Wild Dogs by Helen Humphreys

Wild Dogs by Helen Humphreys

Author:Helen Humphreys
Language: eng
Format: epub, mobi, azw3
Publisher: W. W. Norton & Company
Published: 2012-05-21T04:00:00+00:00


two

jamie

It’s fifteen steps from the back door to the fridge. If I pull the fridge door back against the hinge, it will open without a sound. The bread wrapper will crinkle. Yogurt makes that suction scoop when you pull the foil top off. The cheese drawer sticks on its runners. Peanut butter will be all right. I can twist the plastic cap off slowly and it won’t make any noise. I can stand here at the fridge and shove my fingers into the jar instead of risking the rustle of the cutlery drawer.
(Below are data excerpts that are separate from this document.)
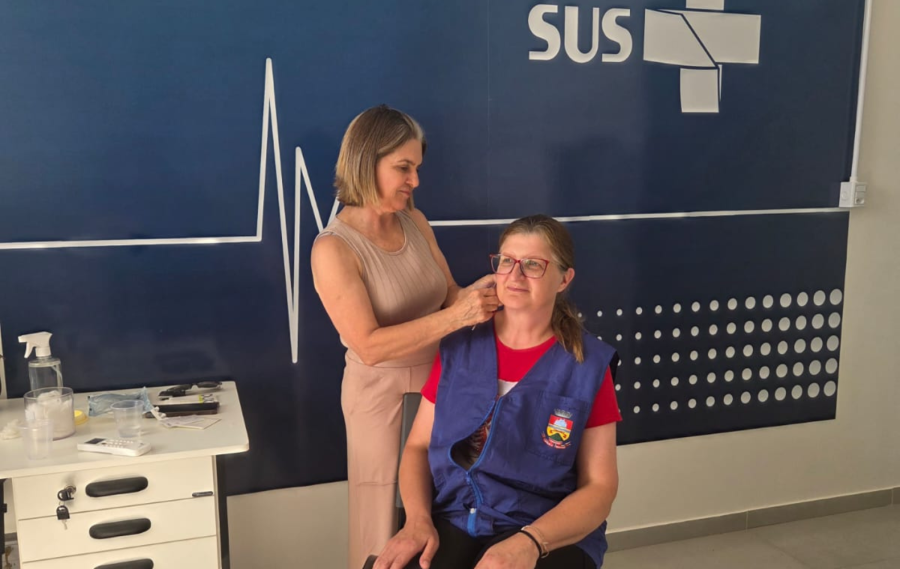 Após a atividade com o Flamenco, as profissionais também participaram de uma sessão de auriculoterapia, prática integrativa oferecida pela enfermeira Sônia Ferreira. A técnica consiste na estimulação de pontos específicos na orelha, contribuindo para o equilíbrio do sistema nervoso e auxiliando na redução do estresse e de sintomas depressivos.
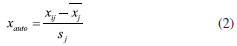 As informações entre parênteses representam os dados de entrada (input), onde o parâmetro X representa a matriz com os dados e, neste exemplo em específico, as dimensões são 1000:12288. Já os parâmetros NP, NL e NC representam o número de pulsos por ponto, número de linhas e o número de colunas, respectivamente. No exemplo da Figura 1(b) temos que NP, NL e NC são 10, 10, e 10, respectivamente. Como dado de saída (output) temos o parâmetro MATRIZ que representa a matriz X inicial com a direção correta da obtenção dos dados. A segunda rotina é denominada data_pre e tem como objetivo calcular a média aritmética, desvio padrão e realizar o pré-processamento dos dados: centrar na média e autoescalar. A linha de comando da data_pre é:
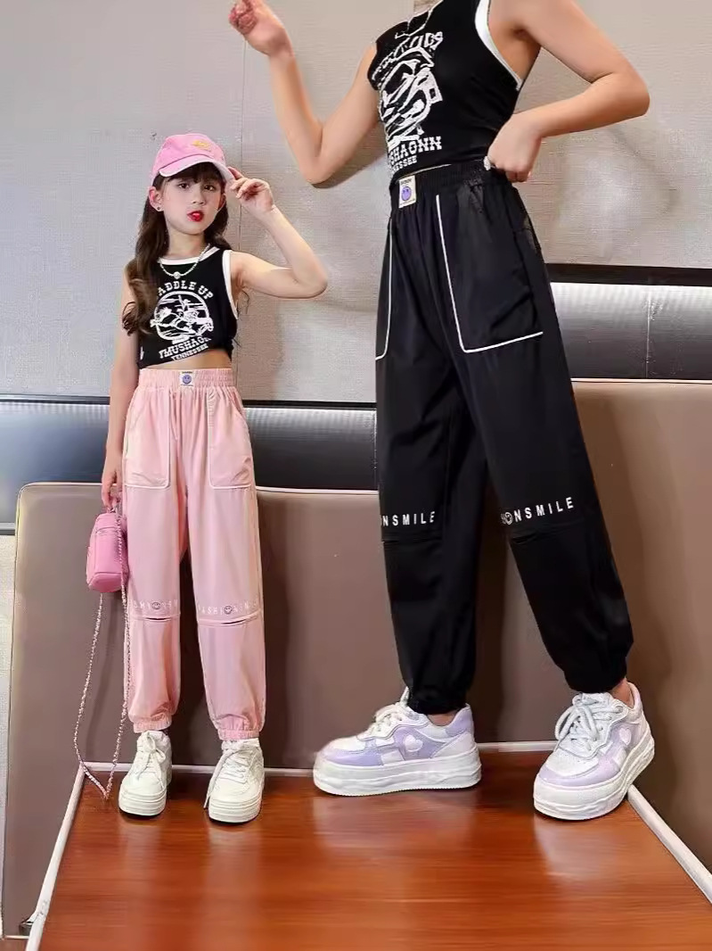 女童美式复古粉色多口袋薄款工装裤童装薄款冰丝直筒休闲防蚊裤子
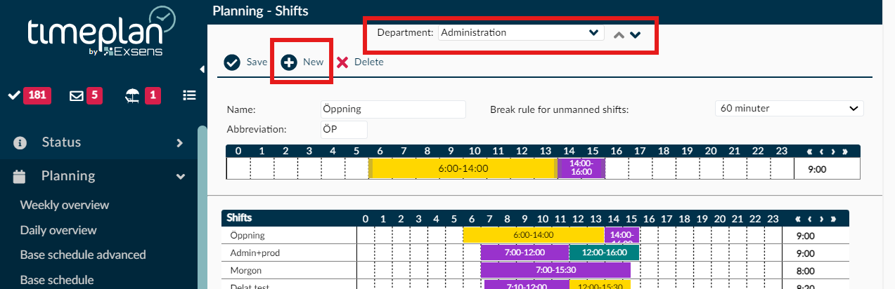 Press Planning and then Shifts. Then choose the department to place your work shifts in. Click on + New.
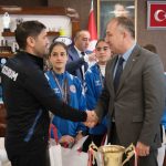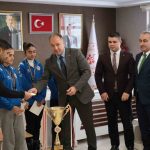İl Müdürü Levent Çakmur, aynı zamanda Erzurum Gençlik Spor Kulübü Başkanı olan Spor Hizmetleri Müdürü Erdoğan Dönmez ile Destek Hizmetleri Şube Müdürü Güngör Şenses’in katıldığı törende Antalya’da yapılan U16 Eşref Aydın Kros Liginde Türkiye şampiyonu olan Gençlik Spor Kulübü sporcularını ve antrenörlerini ödüllendirdi.
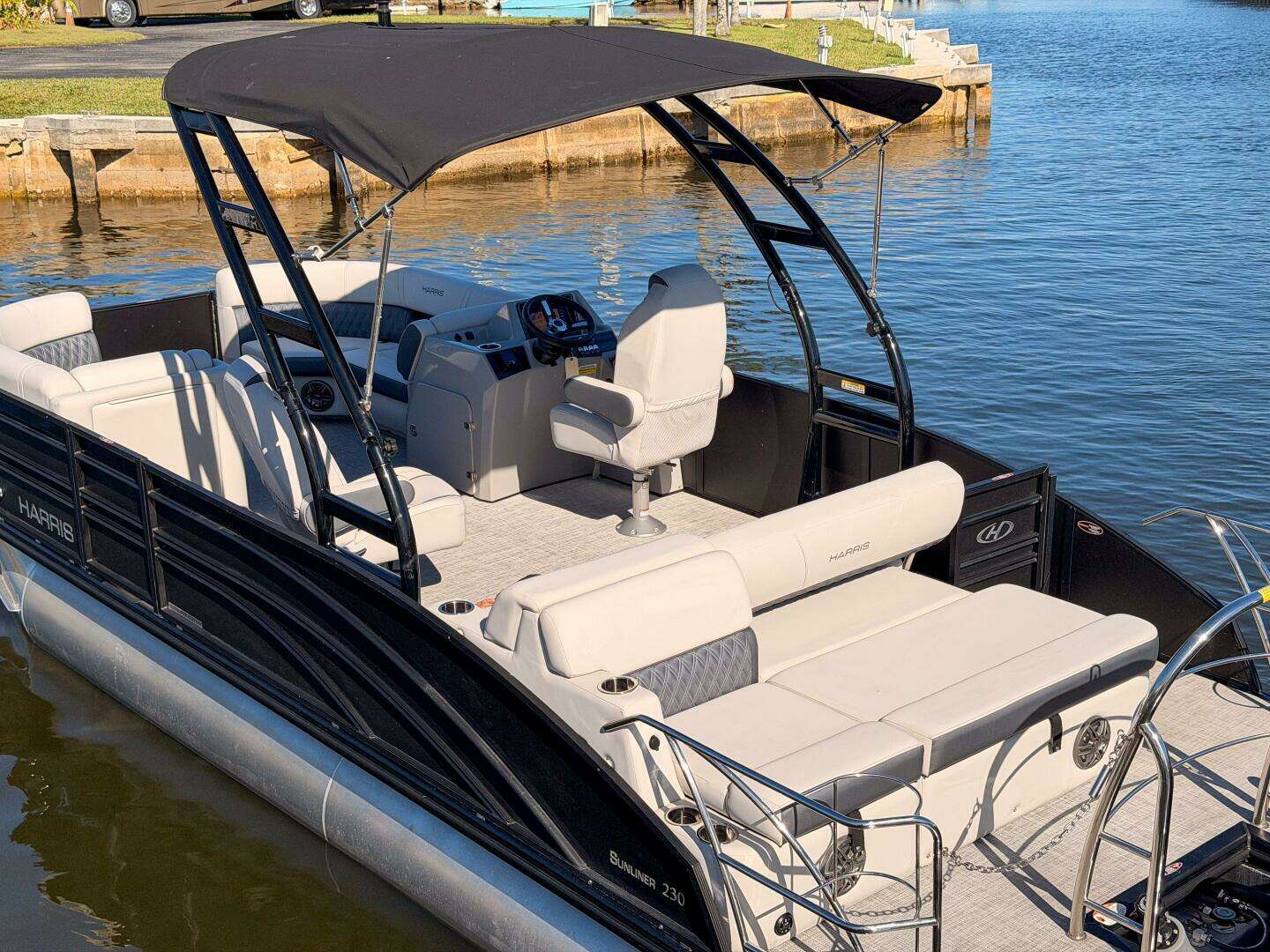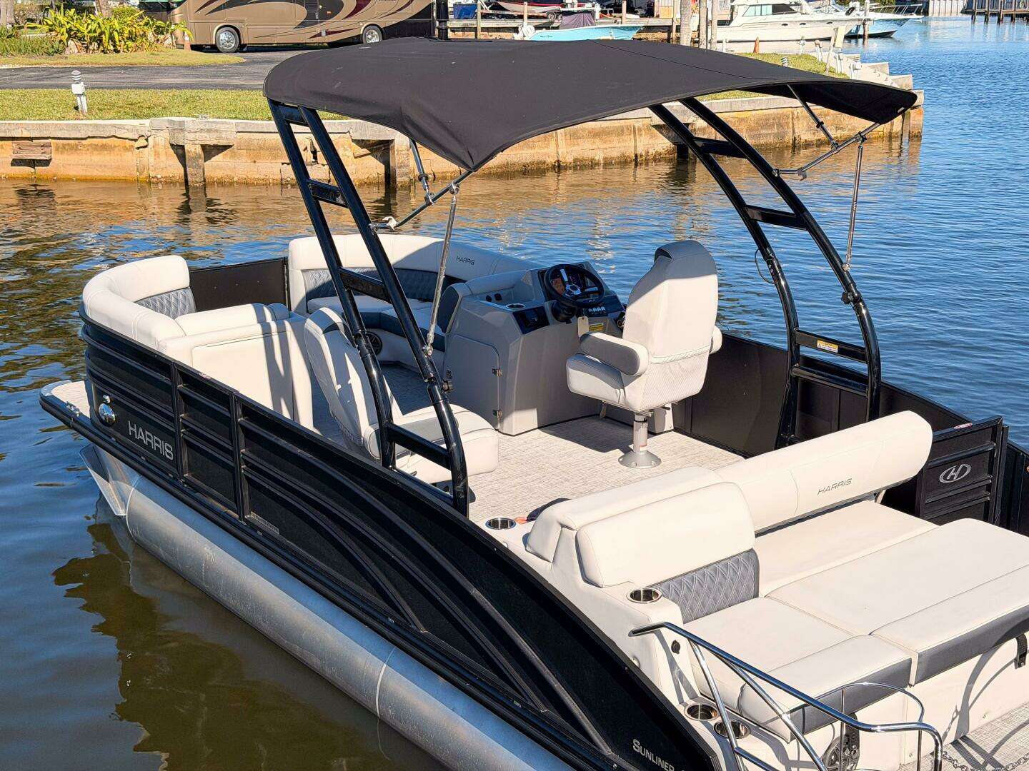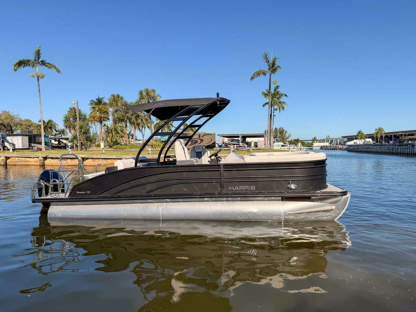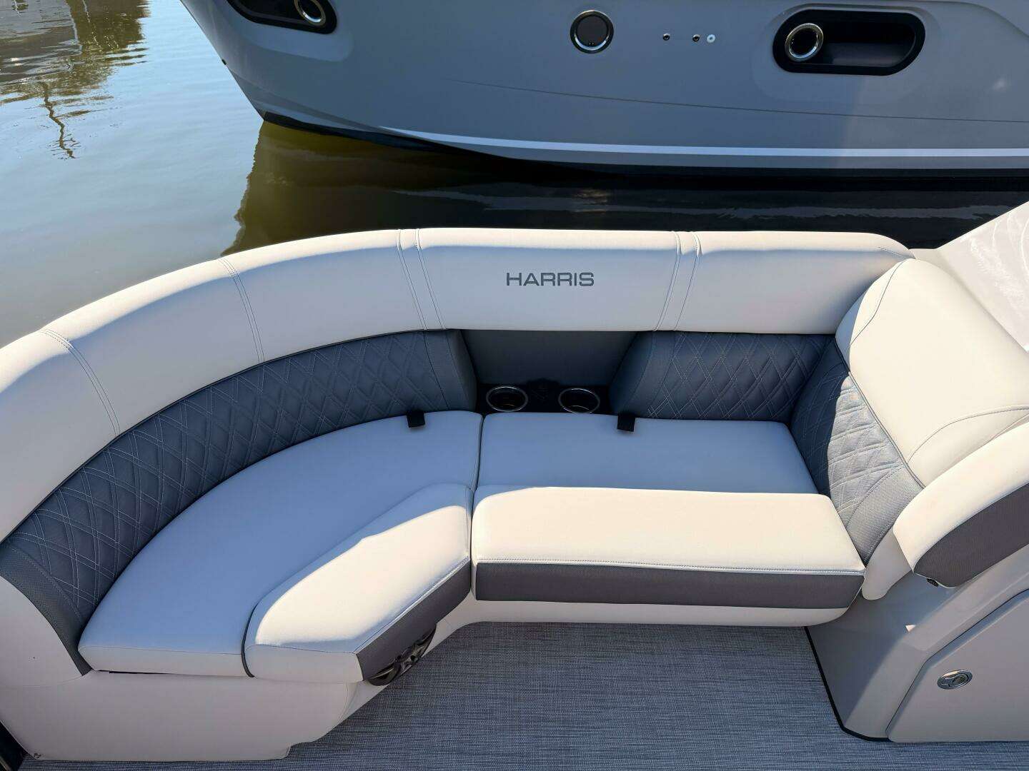 The 2023 Harris 230 Sunliner is a versatile and stylish pontoon boat designed for families and groups seeking a blend of comfort, performance, and functionality on the water. With an overall length of 23'5" and a beam of 8'6", it offers ample space and stability for up to 14 passengers, depending on the tube configuration. Power is from 200 hp, ensuring efficient cruising and the ability to tow water sports equipment. Standard features include luxurious pillow-top vinyl upholstery, flexible seating arrangements, generous onboard storage, and a sleek new fence design. The Sunliner is purpose-built for versatility—cruising, relaxing, partying, fishing, skiing, or simply enjoying a day on the lake with family and friends. With its combination of style, comfort, and performance, the 2023 Harris 230 Sunliner is an excellent choice for those seeking an enjoyable boating experience.

It was easier when the dog was here. I didn’t go out so much then, but if I was out, he would wait for me by the back door, stand with me here, our noses inside the fridge. Dogs can be very quiet. If I was eating peanut butter, I would smear some of it on the top of his nose and he would spend ages licking it off. I liked to watch him do that.

Alice says the dogs are probably doing fine without us in the woods, but I don’t believe her. She says things to protect me, and some days I’m glad of this, but some days it just makes me mad. I’m pretty sure that Alice has had some bad stuff happen in her life and so I don’t like her to know that I’m mad at her. People who have had a lot of bad things need a lot of good things to balance everything out, and I know Alice is trying to make good things happen, to live as though good things are happening. But I don’t believe this either.

I can’t say anything because Alice wouldn’t listen to me. She doesn’t pay me as much attention as she pays the wolf woman. That’s how it is. There’s always someone you listen to the most. There’s always someone you believe above all others.

I used to be like that with my father. I liked it when he told me things. I liked listening to him. But he’s been gone for so long now I can’t remember any of that stuff any more. I can’t even really remember what he looked like or what his shirt smelled like when he carried me up against his shoulder. And I am so pissed at him for leaving that I wouldn’t even be glad to see him if he did come back.

I’m not mad at Scout. It wasn’t his fault. He didn’t leave on purpose.

The peanut butter lid sticks a little, but I ease it off slowly. The light from the fridge makes a small puddle of brightness by my feet. I wish I could drink it up. I wish I could still feel that feeling I used to have when I was little because it was like that, it was like I’d swallowed light and could glow from the inside.

There’s a small squelching noise behind me. I stiffen, my hand frozen above the peanut butter jar, but it’s only my mother.